I have.. but nothing leaves my hand till the check clears and payment is finalized.  If that takes two weeks, well then the buyer is waiting two weeks before anything ships or he/she can pick anything up.  I don't care if it's a business check, personal check, cashiers check - etc, until I can confirm the money has actually been transfered into my account and the transaction was finalized by the bank, then whatever it is I'm selling isn't leaving my posession until it does.

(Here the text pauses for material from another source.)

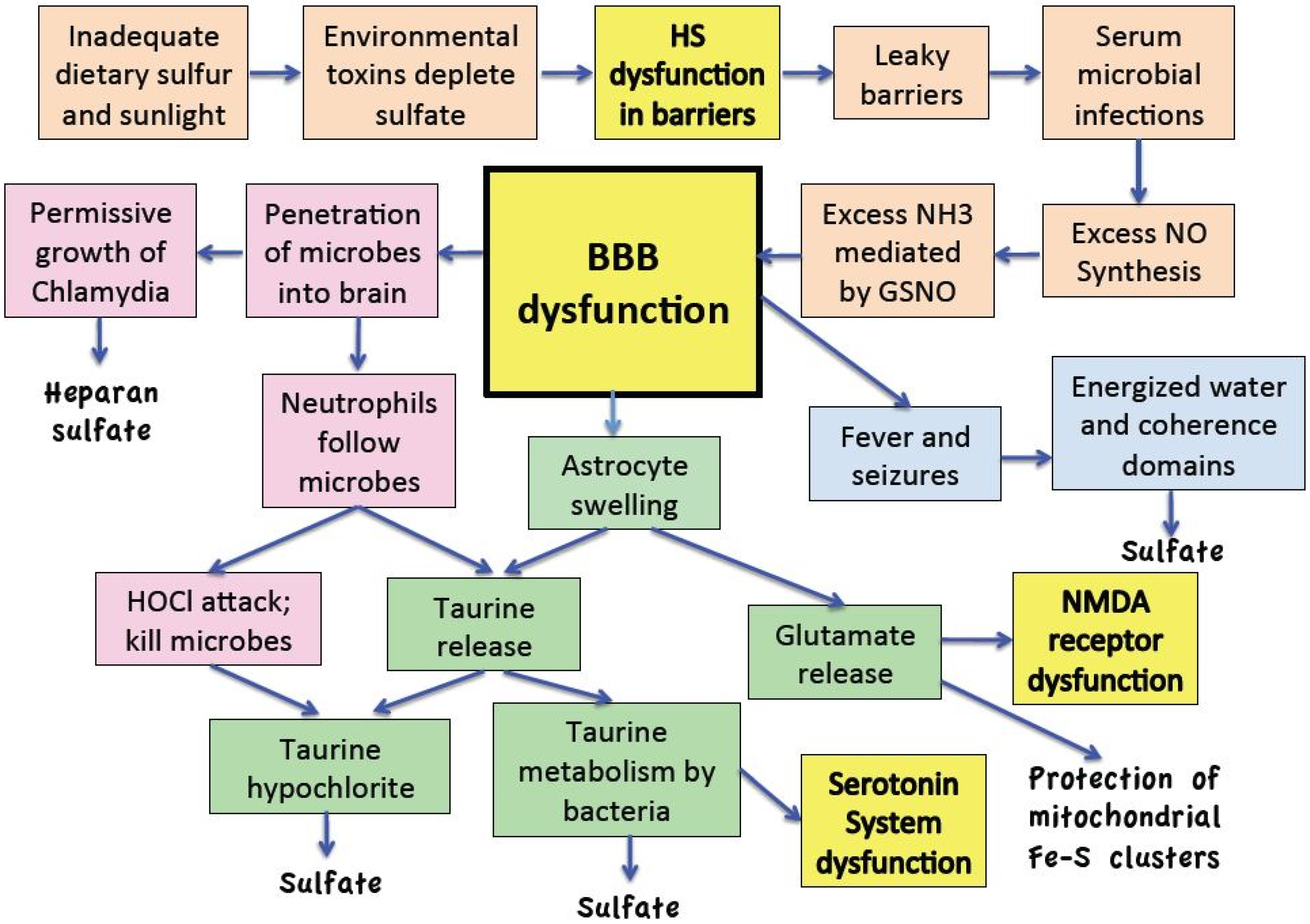 The section below provides evidence of impaired sulfur metabolism and excess nitric oxide production in ASD and shows that excess ammonia synthesis is a key sensitizing factor for encephalitis. Then, Section 3 shows that heparan sulfate, particularly in the lysosome, enables the killing and breakdown of invasive pathogens. Section 4 draws analogies between ASD and hepatic encephalopathy. Section 5 points out the significance of glutamate in the brain, both as a key neurotransmitter and as a metabolite for the renewal of ATP during impaired glucose uptake. Astrocytes respond to swelling by releasing taurine, glutamate, glutamine and aspartate, which can supply neurons with alternative fuel to protect them from mitochondrial complex I damage during an immune assault. Section 6 shows that the sulfonic amino acid, taurine, enables detoxifying of hypochlorite, a key weapon used by neutrophils in their attack on invasive pathogens. This section also describes how taurine chloramine, the product of the reaction of taurine with hypochlorite, can plausibly be metabolized to resupply sulfate. Section 7 develops the idea that seizures and high fever provide the necessary energy to fuel the synthesis of cholesterol sulfate by RBCs, endothelial cells, platelets, and neurons. Section 8 discusses environmental factors known, or plausibly believed, to be synergistically involved in ammonia exposure and/or encephalopathies. Section 9 shows how impairments in immune response and serotonin function associated with ASD may represent a method for replenishing depleted cellular sulfate supplies. Section 10, then, presents the hypothesized signaling cascade invoked whenever the blood stream reaches dangerous instability due to depletion of sulfate and/or over-production of nitric oxide. Following a discussion section, we conclude with a brief summary of our findings.
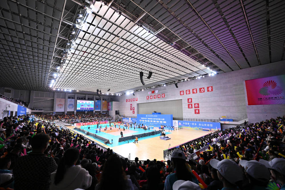 這是2025年11月20日拍攝的在廣東江門舉行的第十五屆全國(guó)運(yùn)動(dòng)會(huì)排球男子成年組冠亞軍決比賽現(xiàn)場(chǎng)。新華社記者 李鑫 攝

I've had a couple of people pay by check for stuff I sold on craigslist, I told them pretty much the same thing.  One guy got a little snippy saying, well this is a "business check", to which I replied, thats fine, but nothing leaves here until the check clears.  I don't make exceptions on that, ever.  So if you want to take it with you today you'll need to go cash this and come back with cash, if you need an invoice for your records be more than happy to print you one.


----------



## robbins.photo (Jun 13, 2014)

SoulfulRecover said:


> I hope you guys understand it wasnt meant to be posted as a sob story, just a reminder that people are still scamming and to watch yourself so it doesnt happen to you



No worries, she's a friend/mentor and she got scammed.  I just hope this turns out ok for her, and I also hope she'll take this to heart and be more careful in the future (as I'm sure she will).


----------



## vintagesnaps (Jun 13, 2014)

I didn't realize it takes 30 days for a foreign check to clear. Of course I'm more the cynical type and probably would've gotten tired of this much back and forth and just blocked the guy's emails and been done with it before it got this far along! Unfortunately the cashier's check being supposedly from Canada and the buyer in England would have been a red flag but maybe the seller didn't realize it at the time. 

You guys need to read the article - she sold _two_ prints at $1100 each, so had $500+ in additional fees (apparently had made transactions from that account not knowing the check hadn't cleared and wasn't legit). At least her sharing her story might help other people be aware of it. 

This makes me think too if you're selling prints at this level it might be worth looking into selling thru galleries or other representation, I can see now why artists do that once they've developed enough of a reputation to sell at higher prices. Hope she gets this resolved.


----------